**Task item:** Quote the lines below from the one containing "關(guān)于建筑業(yè" to the final line, both ends included; exclude the pictures.

**Information given:**
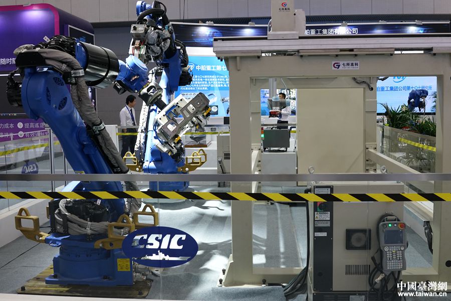 機器手臂展示柔性焊接檢測。(中國臺灣網 黃曉迪 攝)
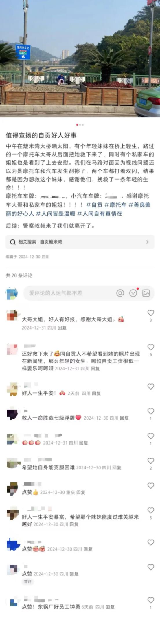 近日,在四川自貢簸米灣大橋上上演了暖心一幕:一位“摩托車大哥”挽救了一名意欲輕生的女孩。這一見義勇為的善舉被路人用鏡頭捕捉了下來。
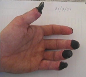 بعد از یک هفته : تورم ، نکروز بافتی ، تغییر شکل عضو مبتلا
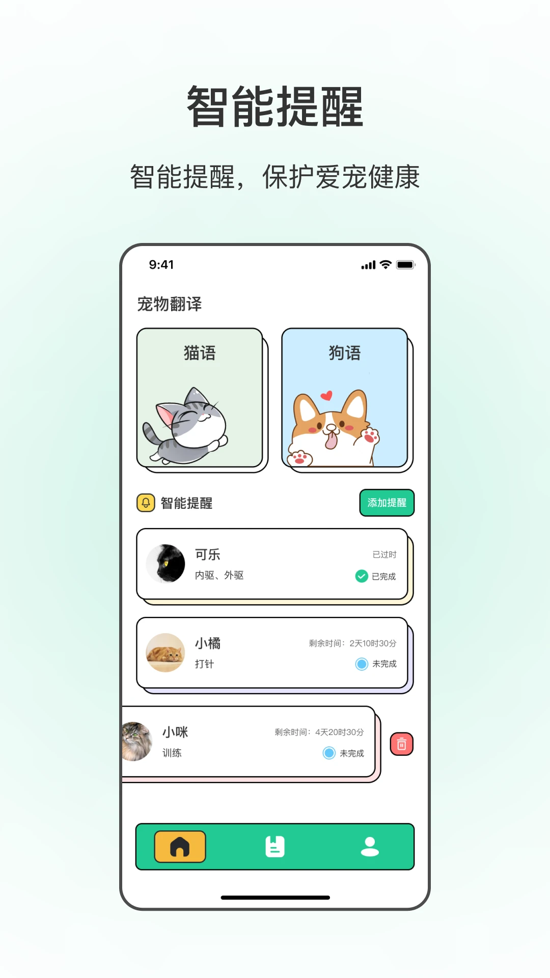 【智能提醒】贴心的提醒系统可以帮助您记录宠物的各种重要事项,包括疫苗接种、牙齿清洁、训练计划、驱虫时间等,再也不用担心错过任何重要时刻。
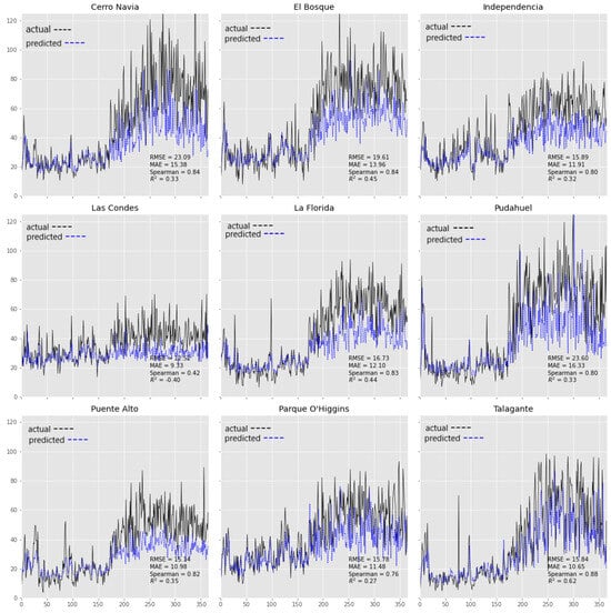 Figure 8 and Figure 9 show the boxplots of the performance metric for each gate for the 75th and 90th percentiles, respectively. Among these are the RMSE, the Spearman correlation index, and the coefficient of determination. For the 90th percentile, it is observed that the GATE_BM is the one with the best performance. It is highlighted that, in extreme values, it is convenient to use the GATE_BM, which does not happen for the 75th percentile since other operators such as BMU, mean, and softmax are suitable in this scenario. Table 4, Table 5, Table 6 and Table 7 report the performances of the models. Furthermore, Figure 10 and Figure 11 show the behavior of the MLP-Station and the hybrid model for each monitoring station, respectively. The highest values of the model fit are observed at the El Bosque, La Florida and Talagante monitoring stations.
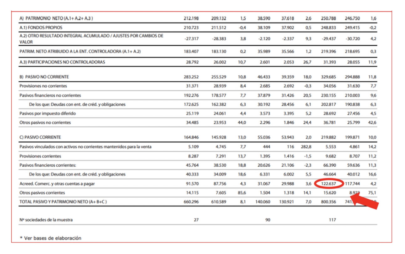 Madrid, 3 de abril de 2020.- La Plataforma Multisectorial contra la Morosidad (PMcM) ha revisado los balances del sector no financiero del IBEX 35 y el resto del mercado continuo a partir de los datos publicados por la Comisión Nacional del Mercado de Valores (CNMV), y ha detectado que a 31 de diciembre de 2019 las compañías del Mercado Continuo tienen facturas pendientes de pagar a sus proveedores por valor de 122.000 millones de euros.
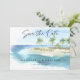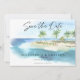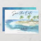 Anúncio de Save the Date de casamento na praia do oceano tropical moderno - Anuncie a data do seu casamento com nosso convite de casamento com tema de praia tropical em aquarela, apresentando uma cena de praia tropical em aquarela linda. Uma praia arenosa quente com água turquesa e palmeiras decoradas com luzes de corda com tipografia de roteiro moderno. Inclui código QR para você personalizar com o URL do site do seu casamento.
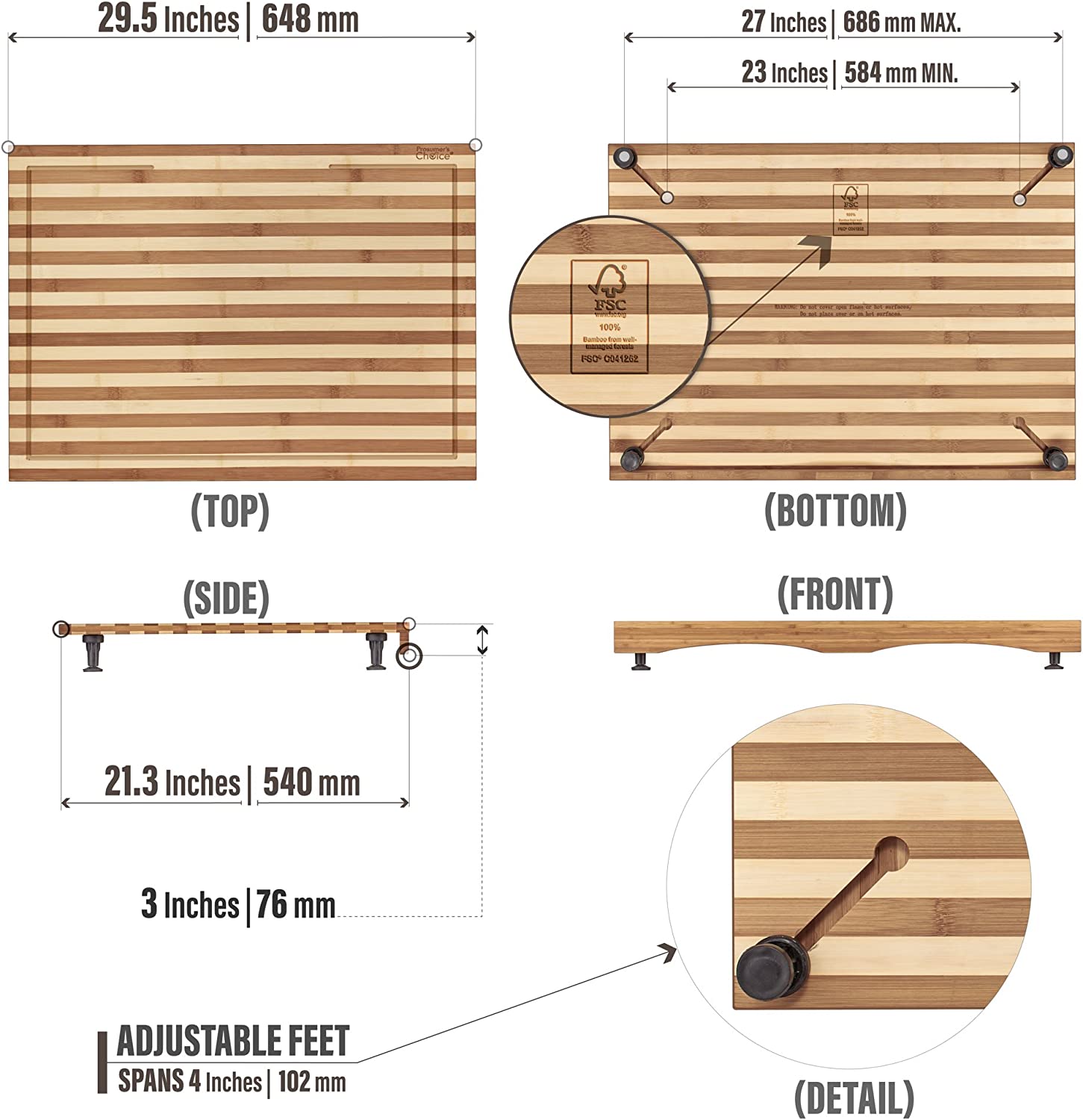 Prosumer's Choice Stovetop Cover Bamboo Cutting Board | Premium, Sustainable, Expands Kitchen Space, Easy to Clean - with Adjustable Legs and Juice Grooves - Large
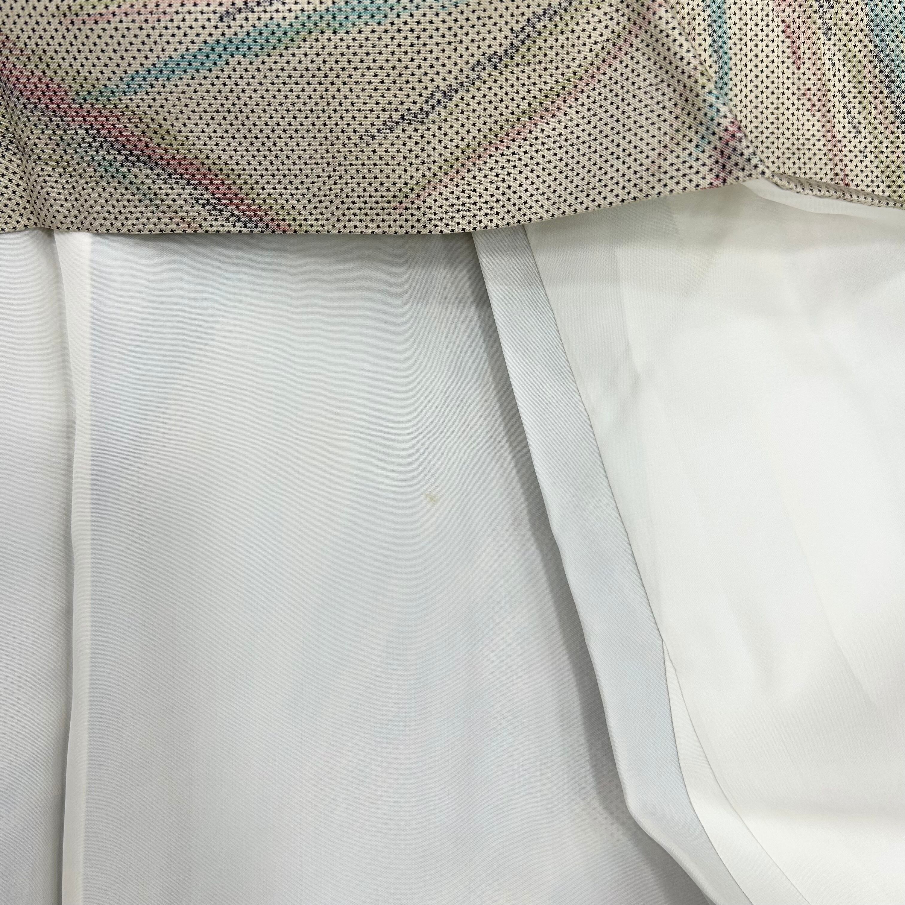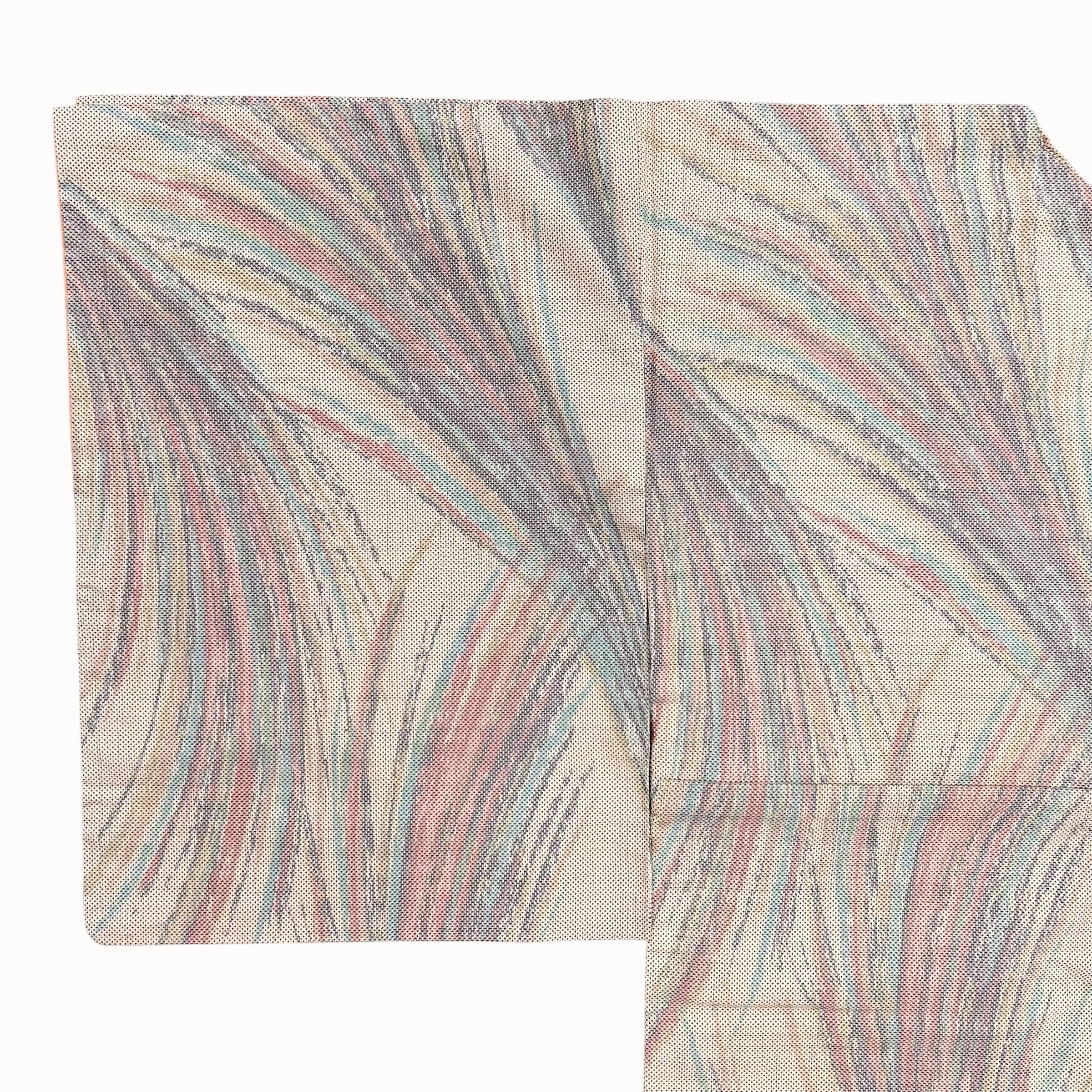 紬 袷 リユース ベージュ 流線
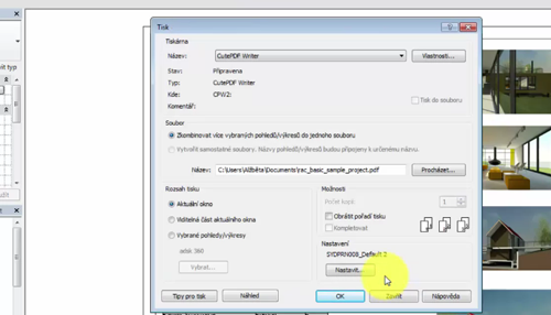 Chcete-li představit model klientům nebo členům týmu, exportujte procházku jako video (soubor AVI) nebo sérii obrázků.
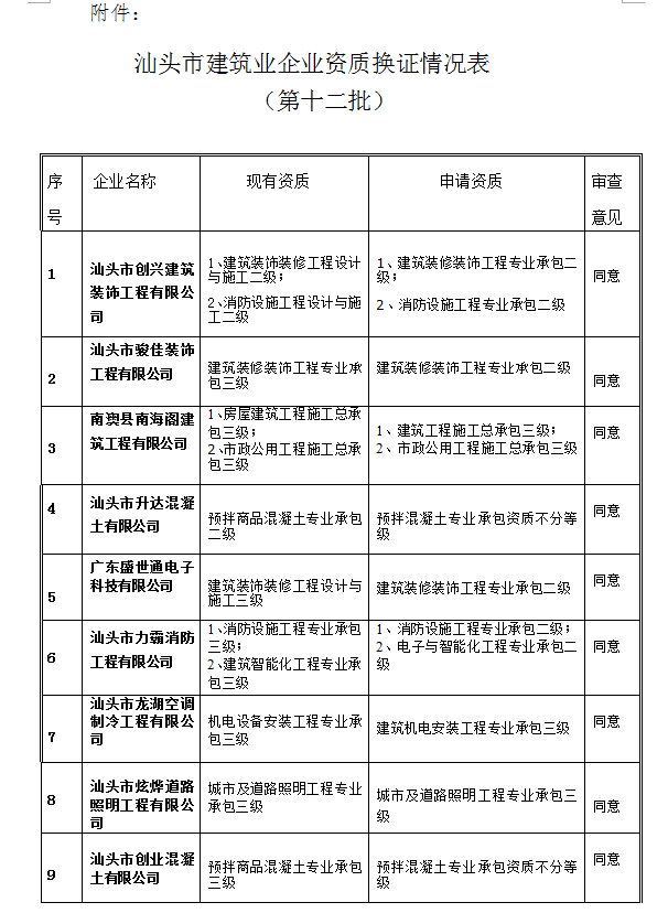 關(guān)于建筑業(yè)企業(yè)資質(zhì)換證審查意見(jiàn)的公示(第十二批)汕住建公示 [2016]40號(hào)
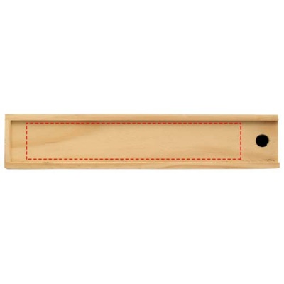12 colouring pencils in wooden gift box with sliding cover, which has a ruler function at the back. Decoration not available on components.
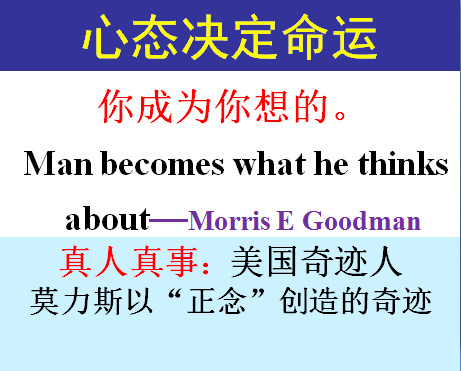 心态的转变——从负面心态转变成正面心态;最难之处: 信念的转变。你的感觉正在所造你未来的经历所以信念真不简单啊! 心只要你想要的,你就会成为你想的。

**Solution to this problem:**
 關(guān)于建筑業(yè)企業(yè)資質(zhì)換證審查意見(jiàn)的公示(第十二批)汕住建公示 [2016]40號(hào)
12 colouring pencils in wooden gift box with sliding cover, which has a ruler function at the back. Decoration not available on components.
 心态的转变——从负面心态转变成正面心态;最难之处: 信念的转变。你的感觉正在所造你未来的经历所以信念真不简单啊! 心只要你想要的,你就会成为你想的。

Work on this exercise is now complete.